Абена Асамоа ковыряет пол мыском атласных шпилек «Рэйн», отворачивается. Касается штырька в ухе Лукасинью.
— Все еще носишь его. Этот макияж тебе идет.
Он загнал ее сюда, к коктейльному бару, вынудил отступить в тихий угол. Внутренний голос твердит ему: «Это маньячество, Лука».
— Моя бабушка тоже так думает.
Лукасинью широко улыбается и видит, что Абену это трогает — она отвечает ему слабой улыбкой.
— Ну, значит, если бы мои дела пошли совсем плохо, я бы смог обратиться к тебе. — Лукасинью касается штырька.
— Разумеется. Для этого он и нужен.
— Просто…
— Что?
— На той вечеринке в бассейне в Тве ты на меня даже не смотрела.
— На той вечеринке в бассейне ты обхаживал Йа Афуом и по самые уши нагрузился бог знает чем.
— С Йа Афуом ничего не вышло.
— Я в курсе.
— И с чего вдруг тебе есть дело до того, вышло или не вышло?
Абена переводит дух, словно собираясь объяснить ребенку какую-нибудь жестокую правду вроде вакуума или Четырех Базисов.
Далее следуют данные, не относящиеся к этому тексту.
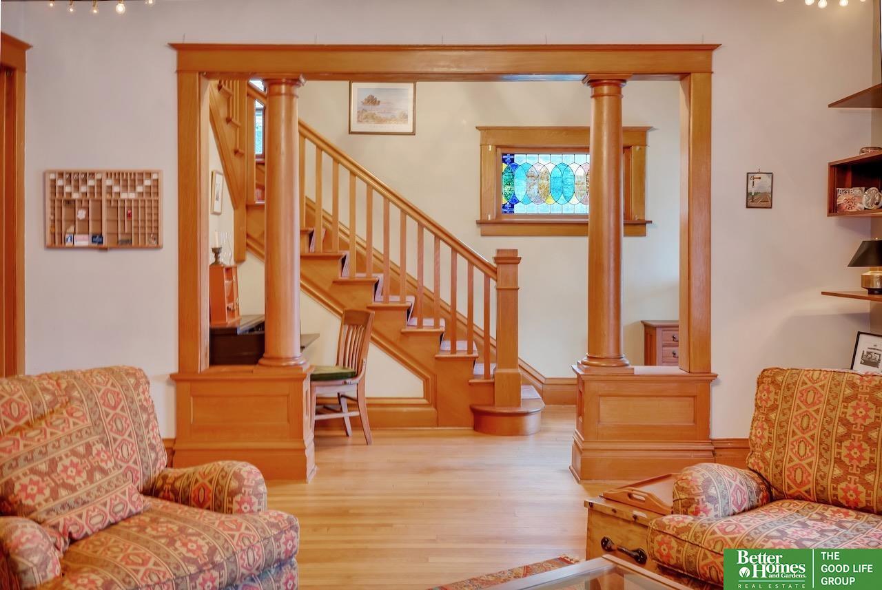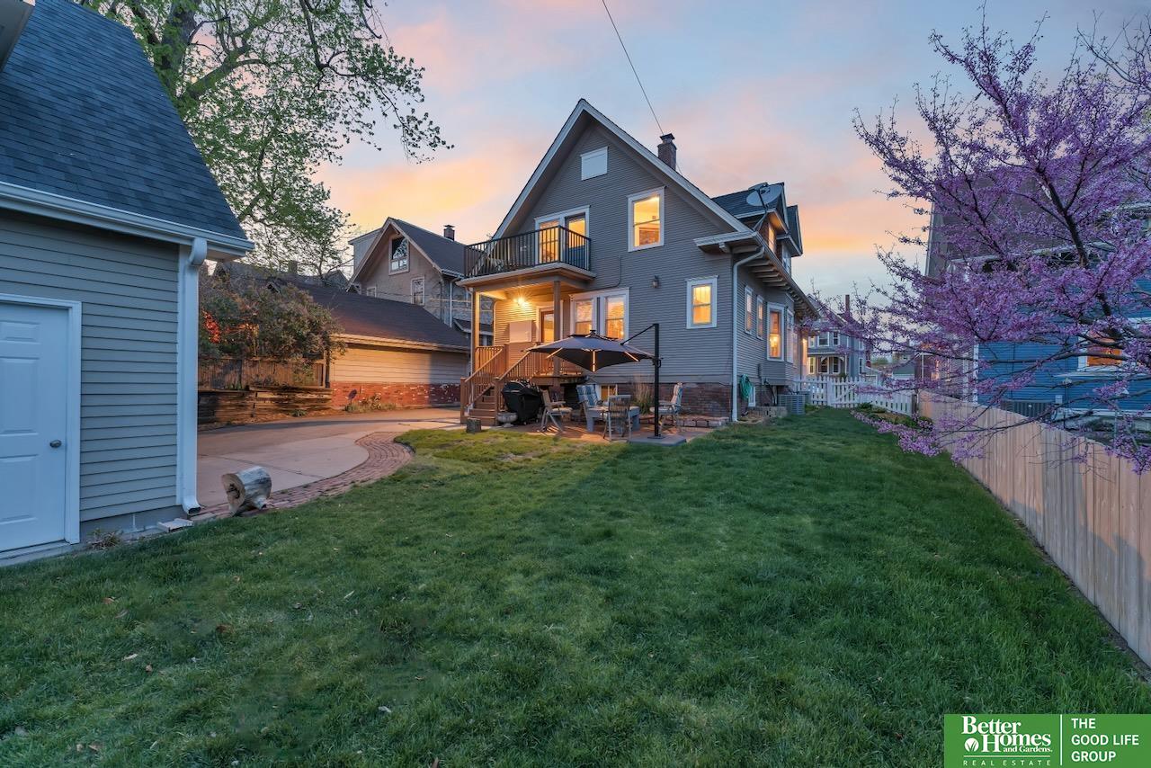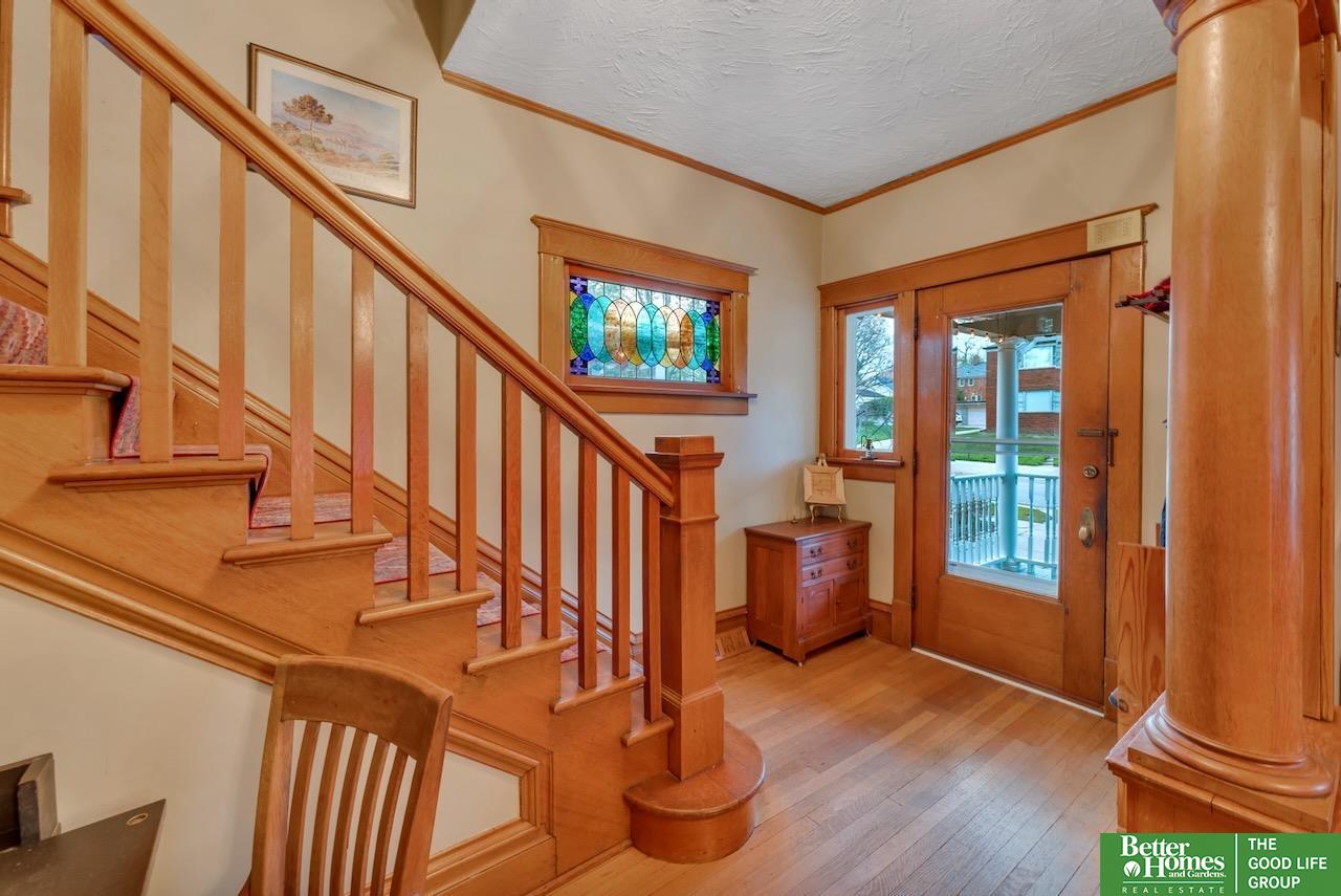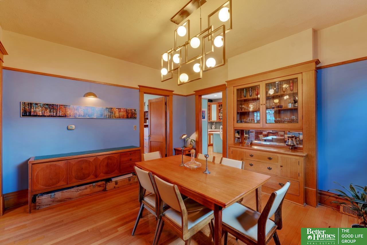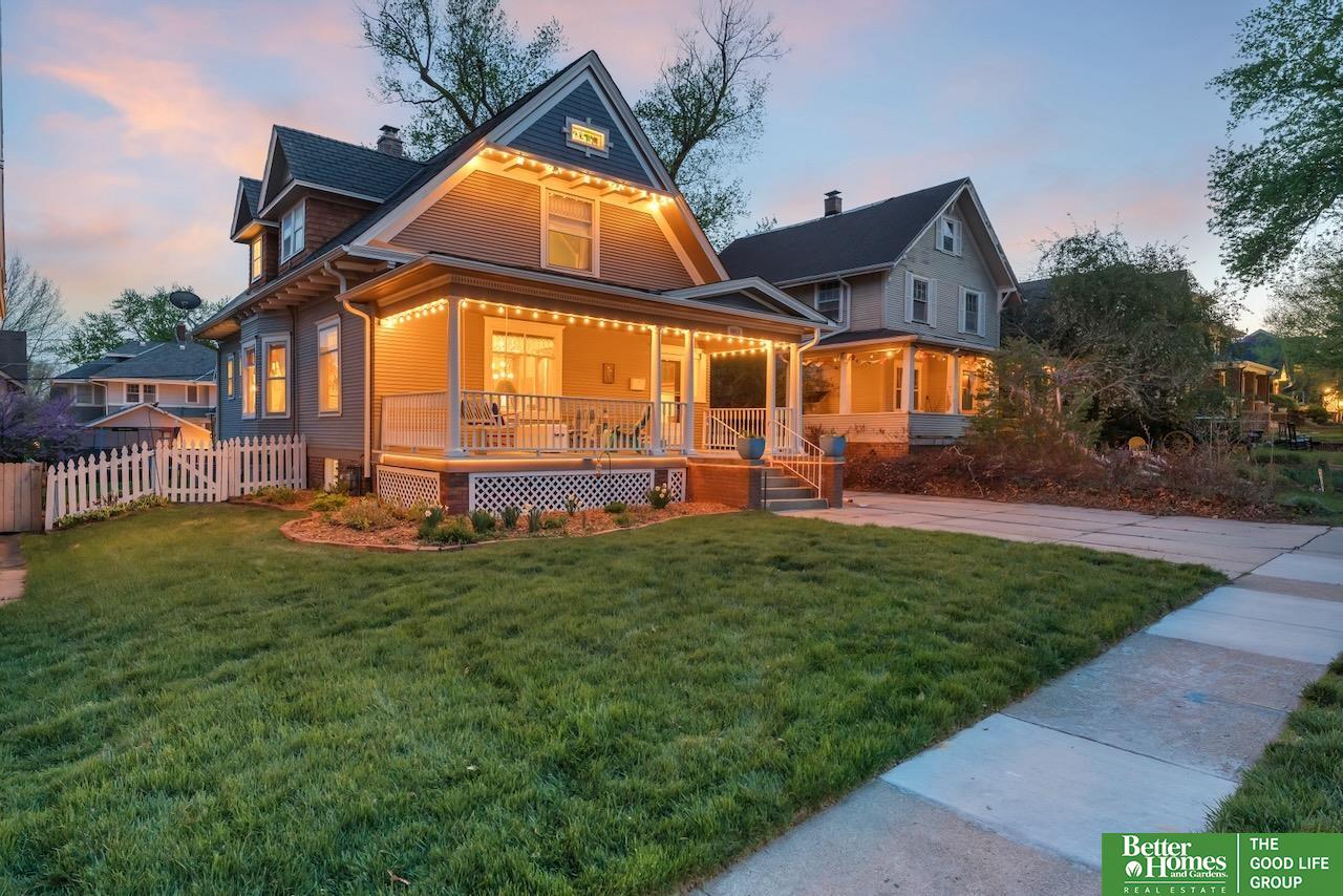This quintessential Dundee home features original wood floors, architectural pillars, and stunning leaded glass windows. The main level offers a spacious living area, a flexible bedroom or office, 2nd laundry, and an open kitchen with quartz counters and a center island perfect for entertaining. Gleaming hardwood floors and unpainted original woodwork highlight the beauty of the home. Upstairs, you’ll find 4 bedrooms and a private balcony overlooking the secluded backyard. The 2-car garage adds even more potential with a light-filled second story just waiting to be finished into a studio or workspace. Topped off with a classic front porch perfect for enjoying summer nights.3 minutes to UNMC. Near all the best things Midtown has to offer: Downtown Dundee, FilmStreams, Memorial & Elmwood Parks, public & private schools, UNO, Blackstone, Midtown Crossing & Creighton Univ. Inspection from 2024 available.

— Когда ты спас Коджо, я готова была для тебя сделать что угодно. Я уважала тебя. Сильно-сильно уважала. Ты был храбрым и добрым… ты и сейчас такой. Но потом ты отправился к Коджо в медцентр, и все, что тебе было нужно, — заполучить его квартиру. Ты его использовал. И таким же образом позволил Григорию Воронцову использовать себя в качестве секс-игрушки. Я не ханжа, Лука, но это было гнусно. Тебе требовались разные вещи — и ты использовал любого, кто мог их для тебя достать. Ты перестал уважать других людей, ты перестал уважать себя, и я перестала тебя уважать.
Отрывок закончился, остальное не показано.